Alien Invasion?
Biological pollution - the spread of invasive species of plants and animals - is one of the hardest problems to prevent, as this article illustrates. Zebra mussels may rank among the most important threats to Cascadia's hydroelectric and freshwater ecological systems. These fast-breeding bivalves can spread with astonishing rapidity, encrusting pipes, gates, and other underwater hardware of the hydropower infrastructure. So far, the Northwest has avoided an introduction of the pesky mollusks.

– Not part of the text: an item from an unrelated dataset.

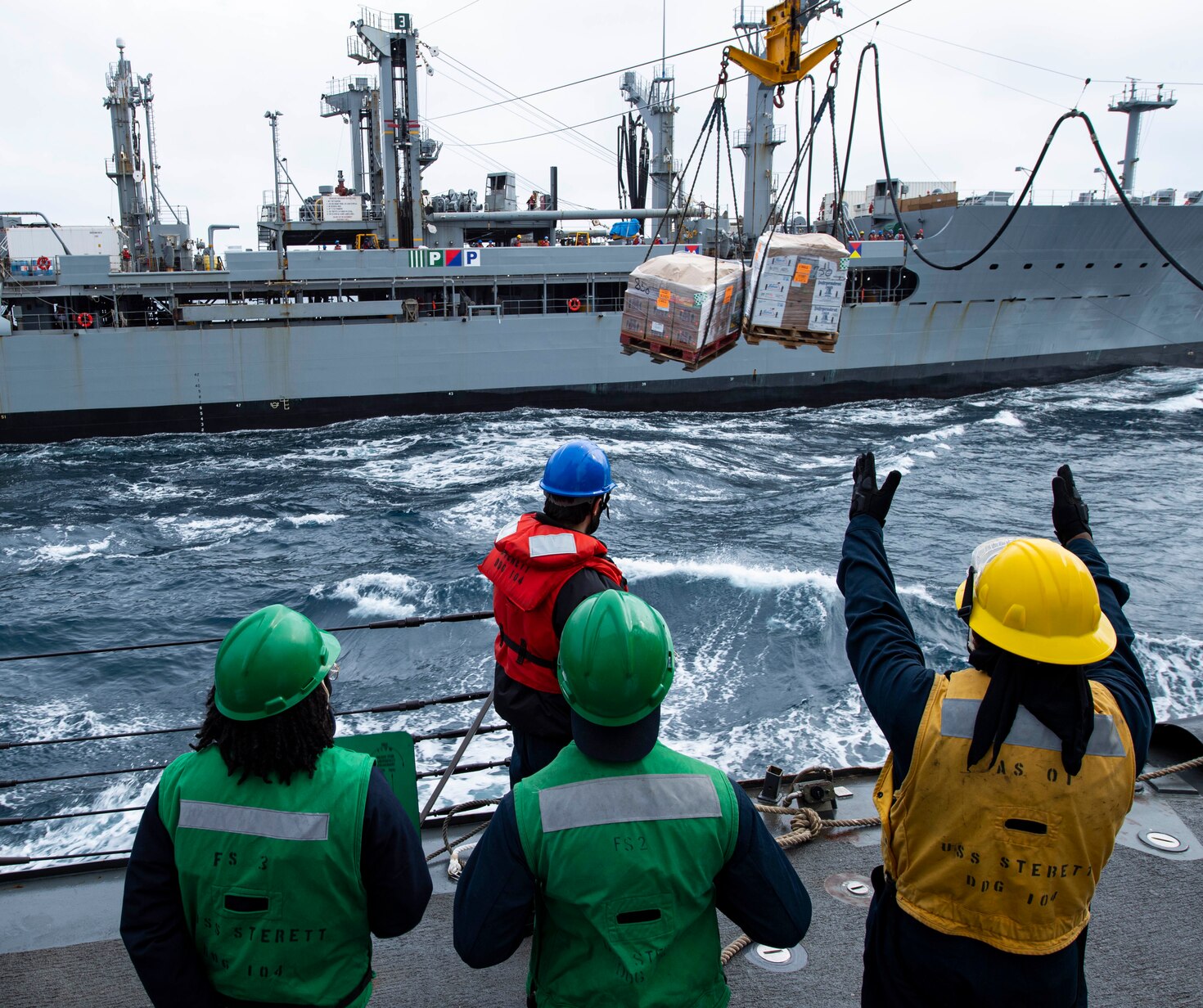 Sailors assigned to the Arleigh Burke-class guided-missile destroyer USS Sterett (DDG 104) monitor the trolley carrying supplies during a replenishment-at-sea with the Military Sealift Command fleet replenishment oiler USNS Henry J. Kaiser (T-AO 187) during a composite training unit exercise (COMPTUEX) as part of the Nimitz Carrier Strike Group (CSG). COMPTUEX is an intensive exercise designed to fully integrate units of the CSG, while testing its ability as a whole to carry out sustained combat operations from the sea.

Other invasive species -- green crabs, spartina grass, Scotch broom, and English ivy -- have long since established themselves. (Read a regional summary in Sightline's State of the Northwest, which you can download here.) They're hard to get rid of. In the city of Seattle, English ivy has overrun more than a third of public-land forests. And the ivy is choking off forest succession, threatening to deforest these lands over the next 30 years, as the city's already mature trees die off. The city and Cascade Lands Conservancy have launched a program to uproot the ivy.
Unhappy Trails
To many of us, climate change has long been an abstract issue, with distant impacts. Not anymore. As Sightline's Eric de Place details in today's Seattle Weekly, the catastrophic damage wreaked by last October's floods on western Washington's hiking trails has brought climate change uncomfortably close to home. As the University of Washington's Philip Mote points out, no one can say for certain whether global warming caused October's floods. Nevertheless, the floods are the kind that scientists have been predicting-and what they expect in the future. Flood casualties include the Kennedy Hot Springs, the Monte Cristo ghost town, Baker Lake, footbridges and campgrounds in Mt. Rainier National Park, and backcountry trails in the Olympic Peninsula. In a Washington CEO article last year, Eric also detailed potential economic impacts of global warming on Washington state.
Think Globally, Tax Locally
Most northwesterners believe that governments pay for roadwork from gas tax revenue. And they're right about the federal and state/provincial level. But they're wrong about city and county road spending. That comes out of property and sales taxes. Regionwide, we spend several hundred million local, general-fund dollars a year on the infrastructure for cars and trucks. (Read details here.)
A citizen panel in Seattle has studied the city's roads and bridges and found a maintenance crisis. Some of the bridges are in danger of falling down. They recommend local vehicle charges to pay for repairs, though they grudgingly admit that a property tax may be the only viable option in the short term.